La cultura woke finisce dunque per limitare fortemente la libertà di espressione additando non solo coloro che non la condividono come propri nemici, ma come nemici della società in generale, includendo tra essi anche personaggi politici, intellettuali, filosofi, scrittori, artisti persino del passato. Chiunque non sia a favore dell’ideologia dell’autodeterminazione (che comprende libertà assoluta di abortire, drogarsi, suicidarsi, cambiare sesso, costruire aggregazioni sociali particolari che chiamano queer da tutelare come famiglie, migrare pretendendo illimitata accoglienza) deve essere espulso dalla comunità o comunque impedito ad esprimersi anche con la censura e con la forza, che può arrivare fino al carcere.
La cultura woke è il comunismo del XXI secolo. Parte da una giusta richiesta di riequilibrio delle ingiustizie sociali ma, indossate le lenti dell’ideologia, si trasforma in un gigantesco tribunale pesantemente inquisitorio che punta alla conquista del potere per imporre una vastissima limitazione reale dei diritti di libertà della persona. Terra di massima applicazione concreta della cultura woke è la California, il più popoloso e ricco degli Stati americani. La California detiene così il record di cliniche per l’utero in affitto e la transizione sessuale anche dei minori senza consenso dei genitori, il record di aborti, dal 2014 ha liberalizzato uso e possesso delle droghe oltre a legalizzare il commercio della cannabis, con leggi permissive che hanno condotto al primato di violenza giovanile con 40 gang pesantemente attive nella sola Los Angeles, dove nel 2023 sono state uccise 387 persone tra cui un vescovo cattolico, il primato di scontri e raid a sfondo razziale, il primato dei morti per droga con 750 nella sola San Francisco, il primato di homeless tra cui molti immigrati per un totale di oltre 171mila, il primato di minorenni diagnosticati con la disforia di genere che sono 300mila tra i 13 e i 17 anni, il primato di abbandoni della residenza nello Stato con sette milioni e mezzo di californiani che dal 2010 hanno preferito andare a vivere altrove.

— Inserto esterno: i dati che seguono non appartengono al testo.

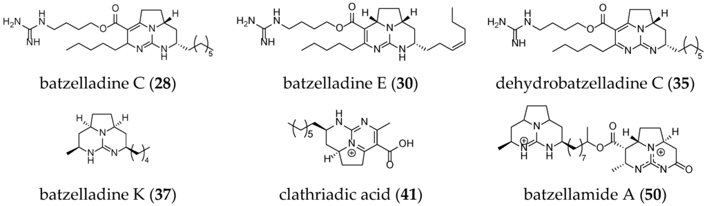 Other batzelladine-like GA have been isolated such as batzelladine C (28), K (37), and E (30); dehydrobatzelladine C (35); clathriadic acid (41); and batzellamide A (50) (Figure 7).
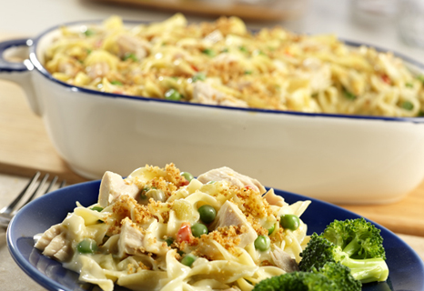 - Heat the oven to 400°F. Stir the soup, milk, peas, pimientos, if desired, tuna and noodles in a 1 1/2-quart baking dish. Stir the bread crumbs and butter in a small bowl.
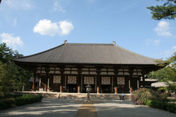 奈良最著名的大寺要屬東大寺,這里還是鑒真大師東渡后為圣武太上皇、光明太上皇后、孝謙天皇受戒之地。而東大寺最享有盛名的建筑要數(shù)大佛殿,殿內(nèi)的盧舍那佛像是日本最大的銅佛,高近15米。當年為給大佛鍍金共使用了約375公斤黃金和2110公斤水銀。不過,如今的大佛殿和大佛都是江戶時代重建的,大殿體積只相當于當年體積的2/3。盡管如此,在奈良西郊當年的皇宮正殿,也能夠清楚地看到東大寺大佛殿巨大的屋頂,大佛殿在近代以前一直是世界最高大的木造建筑物。
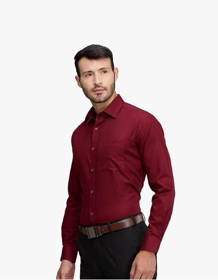 Men's Slim Fit Solid Pattern Pure Cotton Full Sleeve Semi Cut Away Collar Formal Shirt
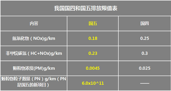 國(guó)五排放標(biāo)準(zhǔn)相比國(guó)四排放標(biāo)準(zhǔn),氮氧化物(NOx)排放降低了28%,碳?xì)浠衔锖偷趸铮℉C+NOx)總和指標(biāo)降低了23%,而對(duì)于柴油車的顆粒物濃度(PM)降低了82%,還有新增的顆粒物粒子數(shù)量(PN)檢測(cè)也是沖著柴油車來(lái)的,PN標(biāo)準(zhǔn)只對(duì)柴油車檢測(cè)。
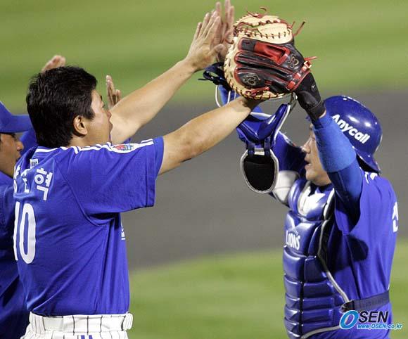 18일 잠실 구장서 벌어진 두산 베어스와 삼성 라이온즈의 한국시리즈 3차전은 양준혁과 진갑용의 홈런포로 삼성이 두산에 6-0의 완승을 거두었다. 9회말 두산의 마지막 타자 임재철을 유격수 플라이로 잡자 덕아웃에 있던 지명타자 양준혁이 달려 나와 포수 진갑용과 하이파이브를 나누고 있다./잠실=손용호 기자spjj@osen.co.kr [Copyright ⓒ OSEN(www.osen.co.kr) 무단전재 및 재배포 금지]
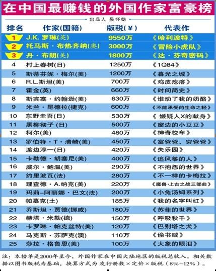 港澳台作家在大陆的版税收入,第一次被纳入榜单,同时我们第一次推出全新子榜单《在中国最赚钱的外国作家富豪榜》,对比两份榜单,结果触目惊心!
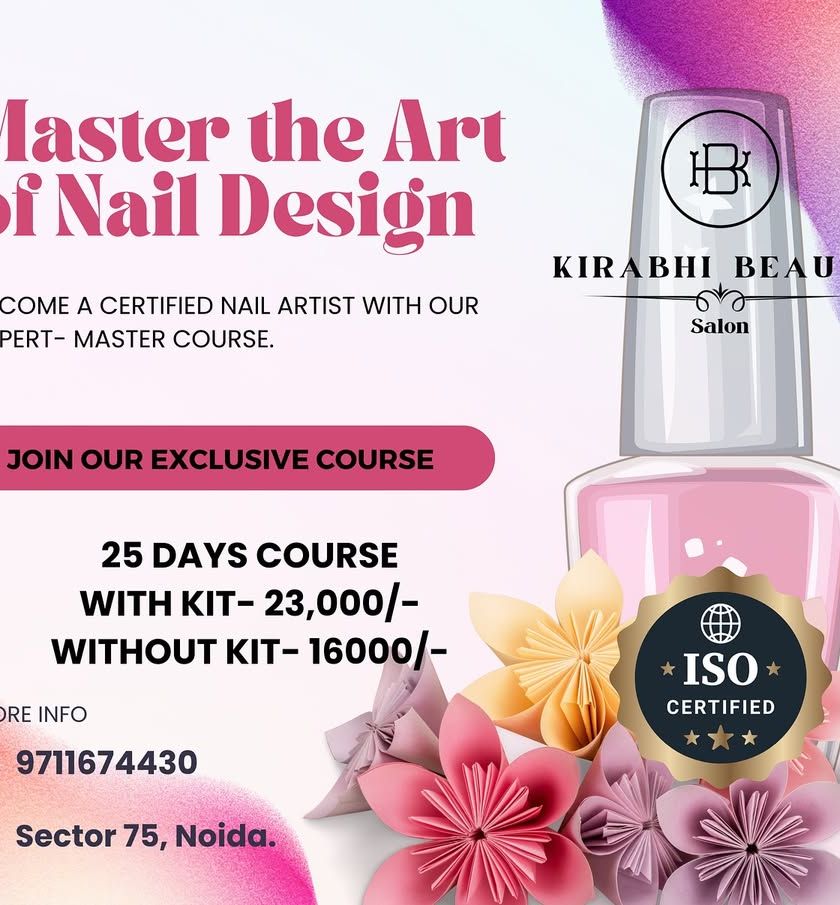 Turn your passion for nails into a career with my 25-day master course. You will get hands-on training and graduate as an ISO Certified Nail Artist, fully prepared for the beauty industry.

La cultura woke è pesantemente pervasiva e viene spesso descritta come un virus che si espande molto velocemente. Occorre certamente riconoscerla ed opporre un antidoto a questo avvelenamento in corso. Grande attenzione va posta ai territori della cultura popolare, visto che la cultura woke tende ad affermarsi tramite le star della musica e dei social, con particolare maniacalità dedicata alla scrittura di film e serie televisive o per piattaforme streaming. La censura operata nei confronti dei comici non allineati è forse la spia più evidente della ferocia della cultura woke che punta a espellere dalla possibilità di esprimersi anche chi si limita ad una battuta non gradita o non omologata. Proprio alcuni comici sono stati però i più capaci di evidenziare la pericolosità e la intrinseca violenza della cultura woke. Il giullare spiega bene come questo nuovo re sia nudo e il castigat ridendo mores resta l’insegnamento più efficace degli antichi anche su questo terreno.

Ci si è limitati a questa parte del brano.